Cheap Power Supplies With Fake Chips Might Not Be That Bad

November 10, 2023 by Dan Maloney 33 Comments

We all know the old maxim: if it’s too good to be true, it’s probably made with fake components. OK, maybe that’s not exactly how it goes, but in our world gone a little crazy, there’s good reason to be skeptical of pretty much everything you buy. And when you pay the equivalent of less than a buck for a DC-DC converter, you get what you pay for.

Or do you? It’s not so clear after watching [Denki Otaku]’s video on a bargain bag of buck converters he got from Amazon — ¥1,290 for a lot of ten, or $0.85 a piece. The thing that got [Denki]’s Spidey senses tingling is the chip around which these boards were built: the LM2596. These aren’t especially cheap chips; Mouser lists them for about $5.00 each in a reel of 500.

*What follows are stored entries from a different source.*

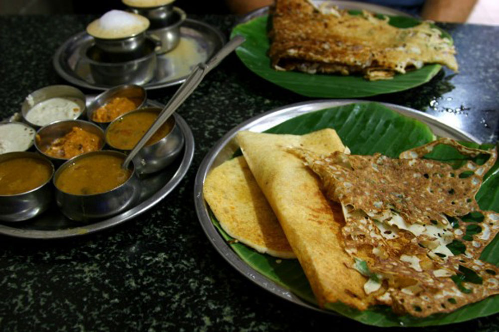 The food in Chennai was life-changing. Every day we emerged from our hotel and found our way to one of the hole-in-the-wall restaurants lining the chaotic streets. Sometimes it was simple, as in the case of Briyani Boy, who had invited me to take his photo. He served mutton briyani into a page from the day’s newspaper, and then we would stand on the sidewalk eating it with our hands. Other times we sat inside of sweltering restaurants while fans pushed the humid air around, and we gorged ourselves on mouthwatering curries and South Indian specialties like dosa, idly, puri, or the all-you-can-eat South Indian thali. Always we ate with our hands—but only the right, as the left hand has a single and kind of gross purpose in India, and is not to come into contact with food. We drank masala tea, served in steel cups and poured back and forth between the cup and deep saucer repeatedly from such high heights to mix and cool it before drinking. And invariably the most expensive entrée on any menu hovered around a dollar or two.
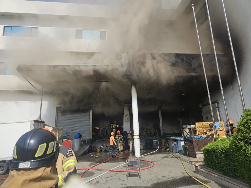 [청주=뉴시스] 서주영 기자 = 30일 오전 9시께 충북 청주시 흥덕구 강서동의 한 농임산물 업체 냉동창고에서 불이 났다.
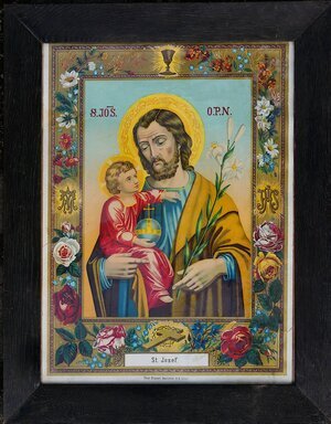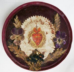 Medaillon mit Andachtsbild brennendes Herz als Ofenrohrbild
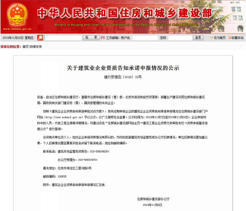 按照《建筑業(yè)企業(yè)資質(zhì)告知承諾審批試點(diǎn)方案》,現(xiàn)將近期申報(bào)企業(yè)的建筑業(yè)企業(yè)資質(zhì)告知承諾申報(bào)情況在住房城鄉(xiāng)建設(shè)部門(mén)戶(hù)網(wǎng)站(http://www.mohurd.gov.cn)予以公示,以廣泛接受社會(huì)監(jiān)督。公示時(shí)間為:2019年11月7日至2019年11月20日。企業(yè)申報(bào)材料中的人員、代表工程業(yè)績(jī)等詳細(xì)情況,可通過(guò)點(diǎn)擊“住房城鄉(xiāng)建設(shè)部網(wǎng)站主頁(yè)→建設(shè)工程企業(yè)資質(zhì)行政審批專(zhuān)欄→資質(zhì)申報(bào)基本信息公示”進(jìn)行查詢(xún)。
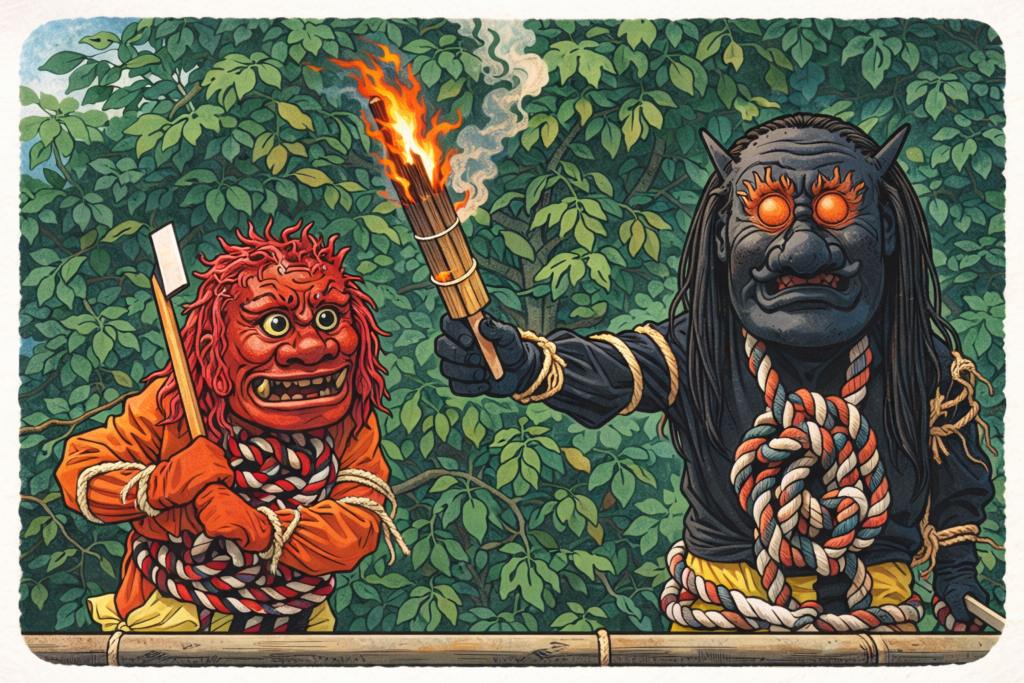 また、鬼といえば、節分の豆まきで鬼を追い払うように、悪の象徴とされていますが古い伝説に、その昔、善魂の赤鬼と黒鬼が、同族の無分別な非行振りを憂い、時の神と佛に心情を訴えました。神佛はその心情を汲み方策を与え、赤鬼と黒鬼は早速神佛の示した通りに松明を作り、大宮八幡宮の御燈明の火を松明に移してこれを振りかざし、荒れ回る鬼たちを鎮め、食豊かな春爛漫な平和が舞い戻った、とあります。
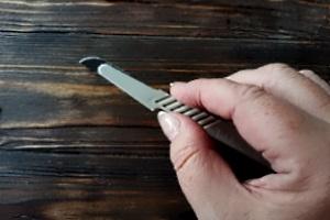 Для первых работ лучше выбрать мастихин овальной формы, со скругленными краями.
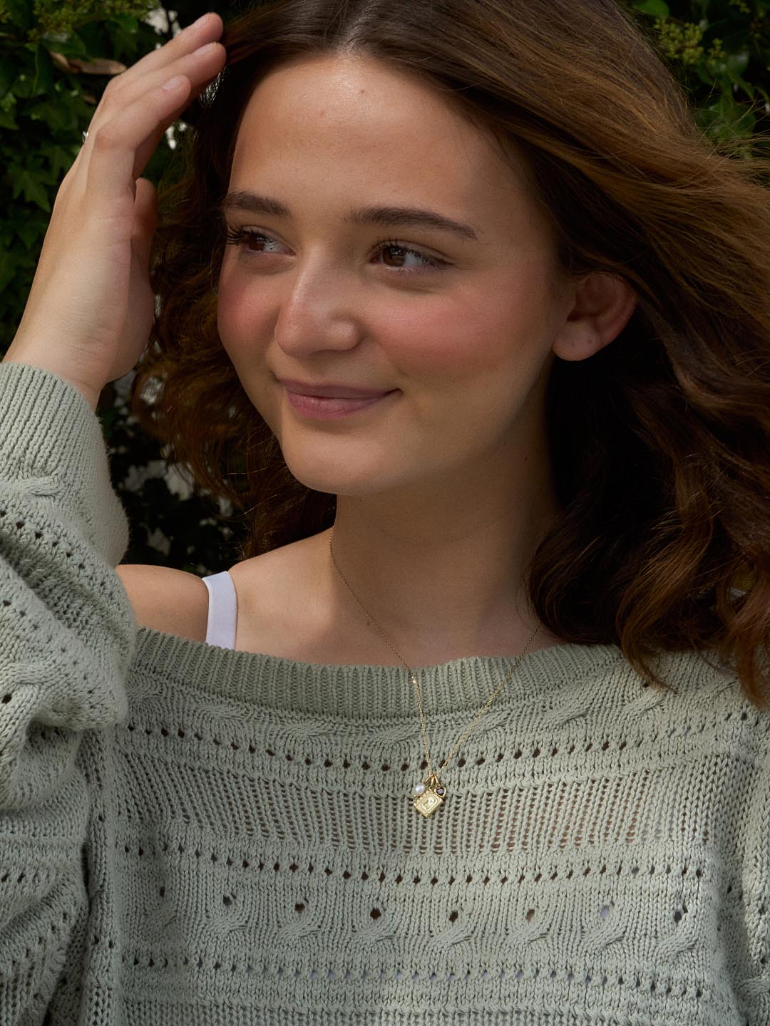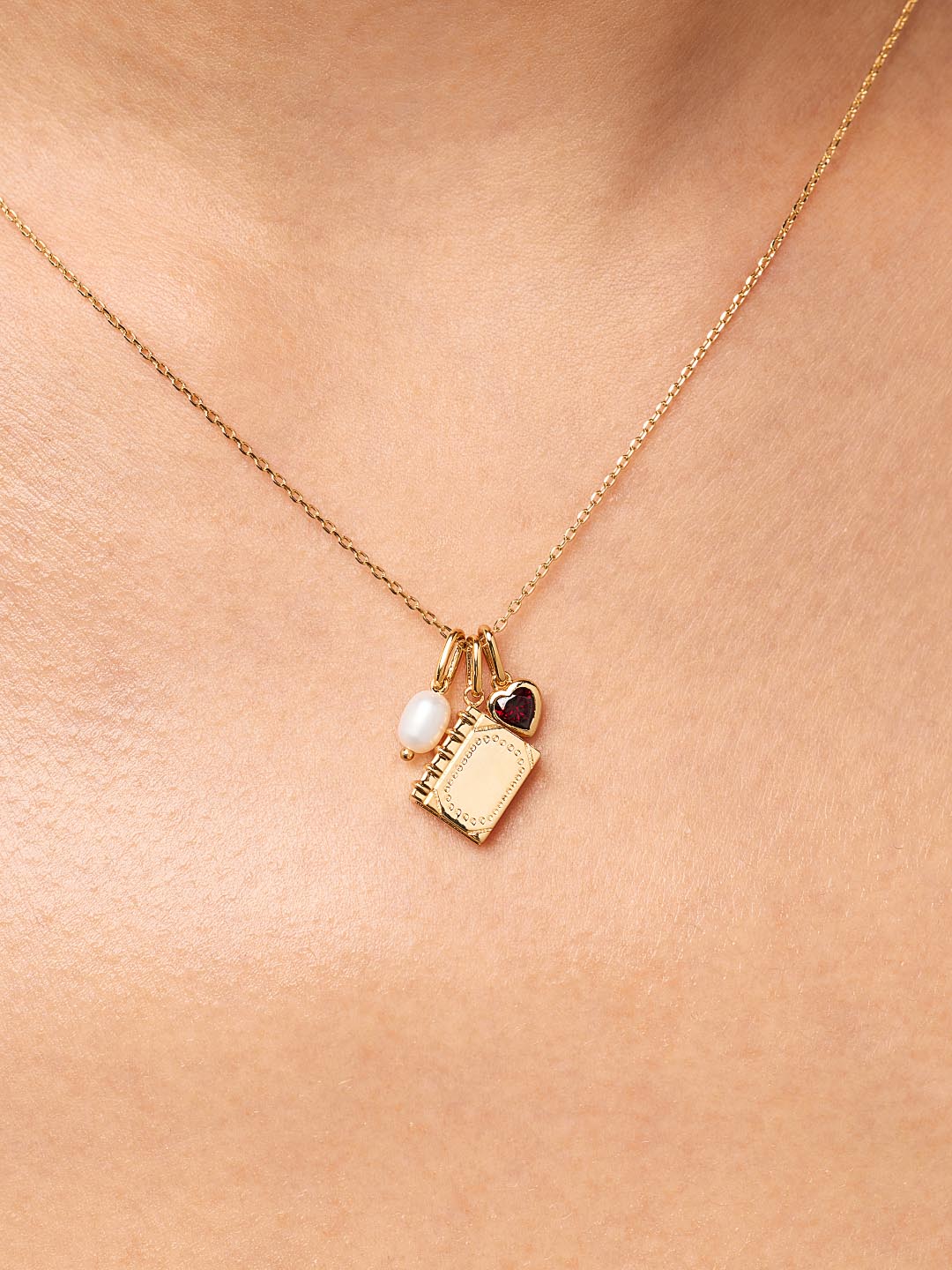 Designed in collaboration with @alexaraye, this charm necklace was made for the bookworms. Plated in 14k gold, this necklace features three unique charms—a puffy heart, a book, and a chic freshwater pearl. Unlike any other necklace, this piece is destined to be a unique addition to both your stack and your jewelry collection. Style this necklace with our Frida huggies for an extra touch of pearl-fection.
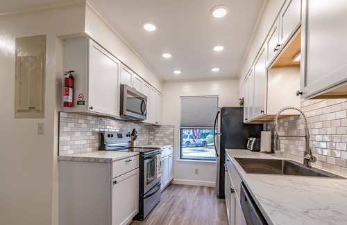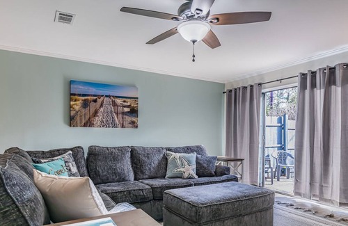 The kitchen, living room and a half bath are located on the main level, while both bedrooms are located upstairs. Both bedrooms have a private bathroom and one King and one Queen size beds. The kitchen is fully equipped so you will feel right at home. Enjoy the cool breeze and dolphins from the Battery Creek around the corner and walking distance from the back porch.

Initial testing showed the converters, which are rated at 3 to 42 VDC in and 1.25 to 35 VDC out, actually seem to do a decent job. At least with output voltage, which stays at the set point over a wide range of input voltages. The ripple voltage, though, is an astonishing 400 mV — almost 10% of the desired 5.0 V output. What’s more, the ripple frequency is 18 kHz, which is far below the 150 kHz oscillator that’s supposed to be in the LM2596. Other modules from the batch tested at 53 kHz ripple, so better, but still not good. There were more telltales of chip fakery, such as dodgy-looking lettering on the package, incorrect lead forming, and finger-scorching heat under the rated 3 A maximum load. Counterfeit? Almost definitely. Useless? Surprisingly, probably not. Depending on your application, these might do the job just fine, especially if you slap a bigger cap on the output to smooth that ripple and keep the draw low. And keep your fingers away, of course.

Worried that your chips are counterfeits? Here’s a field guide for fake chip spotters. And what do you do if you get something fake? A refund might just be possible.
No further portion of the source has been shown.